Волею многих обстоятельств — я сознательно не касаюсь их здесь, не хочу, не могу уходить в сторону, должен же я сосредоточиться, наконец, на том, что для меня самое главное, — волею целого ряда непреодолимых для меня обстоятельств я, как раз к своему «первому юбилею», был доставлен перед необходимостью совершить крутой поворот в жизни, в том числе сменить профессию, лишь по видимости, для непосвященных, остававшуюся прежней.
Хорошо еще, что в своем жизненном слое я был из самых младших. Как-то так получалось, что мне постоянно не хватало несколько лет до тех моих сверстников — знакомых, сослуживцев, друзей, — которые становились солидными, «состоявшимися» людьми, достигали почета, благополучия, командных постов. Рядом с ними я все время чувствовал себя ничего не смыслящим в практической жизни безалаберным юнцом, и это не могло не накладывать отпечатка на мои поступки, мои научные статьи, мой взгляд на вещи. Когда же пришлось круто менять не только уклад жизни, но и сам характер моей деятельности, отсутствие степенности в моих повадках и самом мироощущении неожиданно пришлось как нельзя более кстати: я перенес значительно менее болезненно то, к чему мои солидные однокашники отнеслись бы как к катастрофе.

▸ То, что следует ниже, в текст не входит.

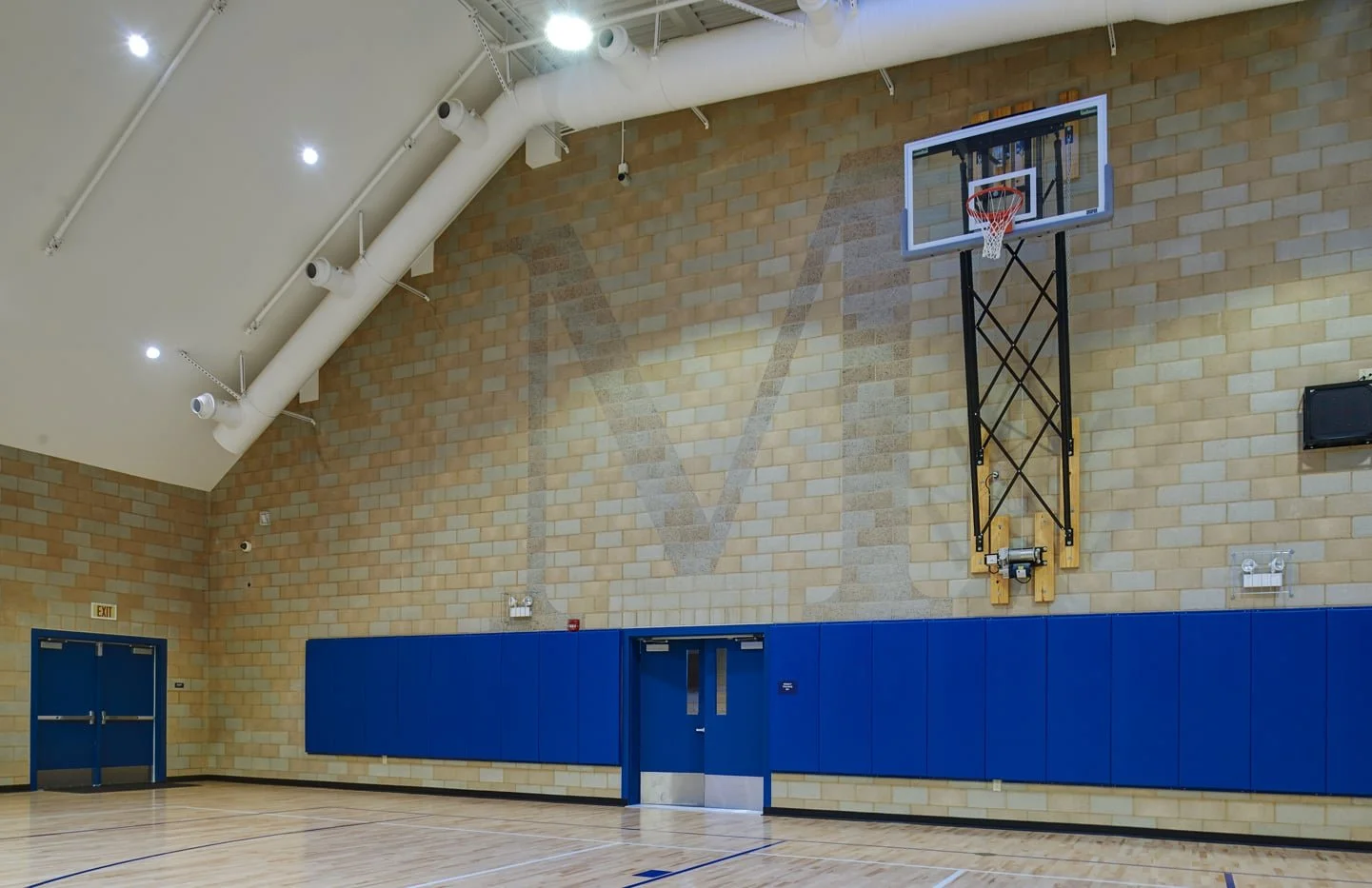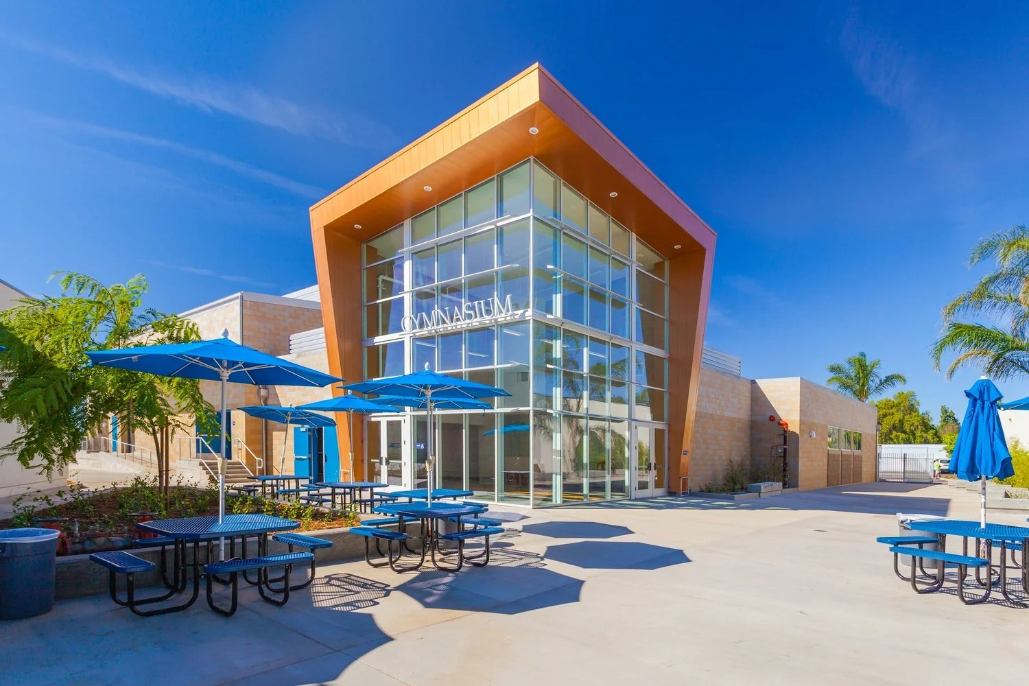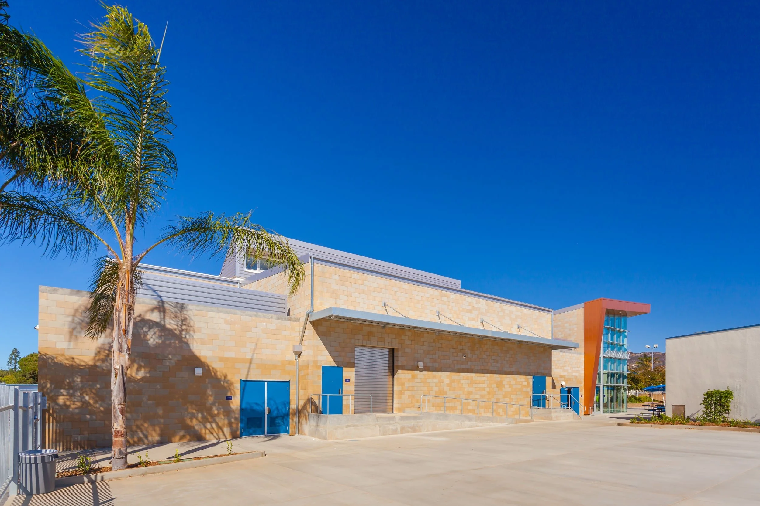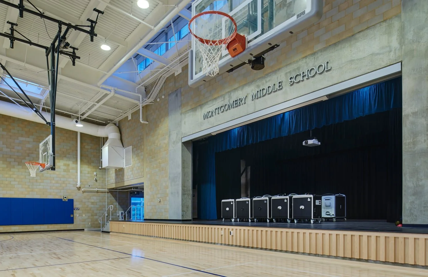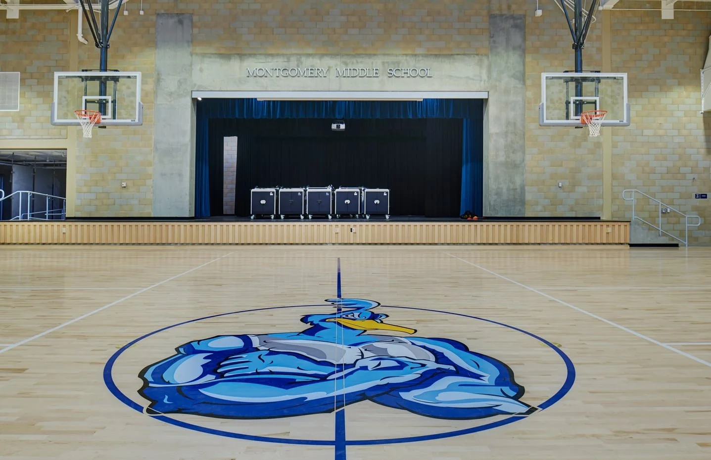 The new 14,000 SF multi-purpose facility at Montgomery Middle School includes a gymnasium with CIF basketball court, a performance platform, telescopic bleachers, a weight room, lobby, and rest rooms.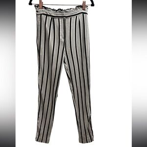 Express High Rise Striped Ankle Pants Size 2 Black White Vertical Stripe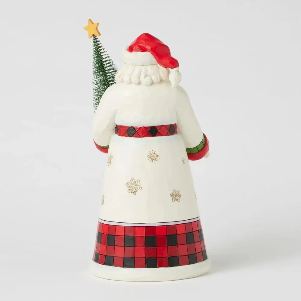This charming Jim Shore design features Santa holding a decorated sisal tree, dressed in a cozy buffalo plaid cloak that embodies holiday warmth. His gown, adorned with snowflakes and a dashing reindeer silhouette, captures the spirit of the season.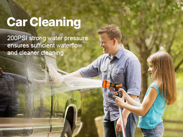 The large-diameter hose ensures ample water flow, making it easy to clean cars and homes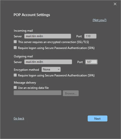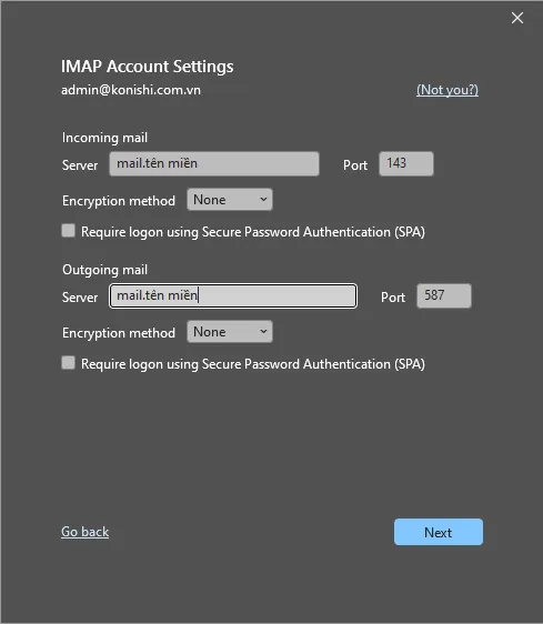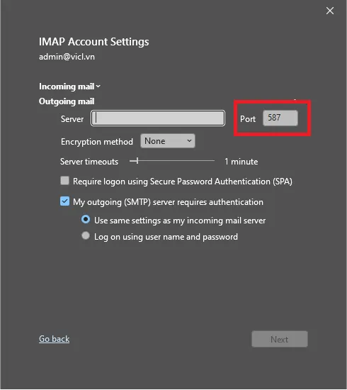 Tại đây bạn kiểm tra mục Port, nếu đang sử dụng port 25, hãy chuyển qua port 587. Sau đó ấn Next và Done
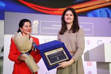 Президент Федерации конного спорта России Мария Сечина (слева). Церемония вручения III Национальной премии «Спортивное коневодство России» в Центре национальных конных традиций на ВДНХ.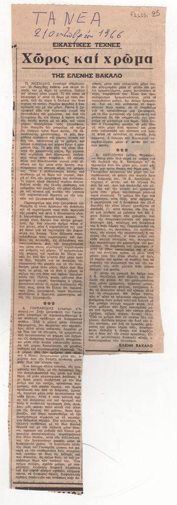Απόκομμα, έντυπο, χαρτί, 33,0×10,2 εκ., όπου δημοσιεύεται, στα ελληνικά, κριτική της Ελένης Βακαλό για τις ατομικές εκθέσεις των Π. Μοσχίδη, Δ. Γουναρίδη και Βέρας Χουτζούμη στην Αθήνα τον Οκτώβριο του 1966.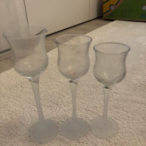 Kolmen lasisen kynttilänjalan setti Partyliten Uljaat-sarjaa. Uudenveroiset.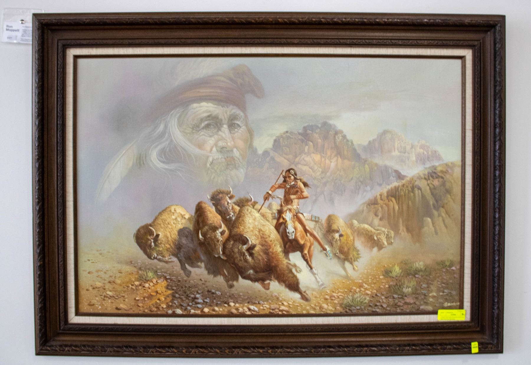 G BOCTAR INDIGENOUS PAINTING ON CANVAS FRAMED

Более того, именно те несколько лет, которых мне всю жизнь так недоставало, помогли мне в этих новых обстоятельствах тоже сравнительно безболезненно «провалиться» в следующее поколение, в следующий жизненный слой, где я оказался старшим, наконец. Теперь уже на меня ориентировались, ко мне прислушивались, от меня ждали откровений; пытаясь сформулировать что-либо, хоть отдаленно их напоминающее, я волей-неволей напрягал все силы, а это всегда полезно, тем более при решении новых задач.
И все же овладение непривычным и несравненно более ответственным, чем раньше, и более сложным профилем в работе потребовало жертв, и немалых. Представьте себе… ну, хотя бы ремесленника-копировщика, вынужденного (вопрос стоял ребром: или так, или никак!) превратиться в самостоятельного художника и устроить в обозримое время публичную выставку своих работ — может быть, вы лучше поймете мое тогдашнее положение и то состояние, в каком я находился.
Мне предстояло, в сущности, сделаться другим человеком, а это всегда стоит крови. Корчевание прочно сложившихся, спекшихся, сцементированных годами привычек, связей, отношений, суеверий и предрассудков под силу далеко не всякому и в более молодом возрасте, а мне пришлось заняться всем этим под старость. Легко понять, что как бы я ни храбрился, но, перерезая, одни за другими, путы, которыми мы так незаметно, так уютно спеленуты, — в чем отличие от младенцев, ну в чем?! — я переживал серьезнейший кризис.
Только не делайте, пожалуйста, из этого простого факта поспешных выводов относительно особой глубины и утонченности моей натуры. Если и существуют еще утонченные люди, я не принадлежу к их числу — уж я-то знаю себя лучше, чем кто-либо. Вопрос о том, по правде ли он живет, задает себе рано или поздно каждый. Все дело в том, захочет ли человек дать на него честный ответ даже самому себе, а также способен ли тот, кто ответил честно, изменить что-нибудь в своей жизни. Чтобы не только каяться, а взять да и повернуть на сто восемьдесят градусов, не утратив при этом равновесия, одной утонченности недостаточно — силенки нужны.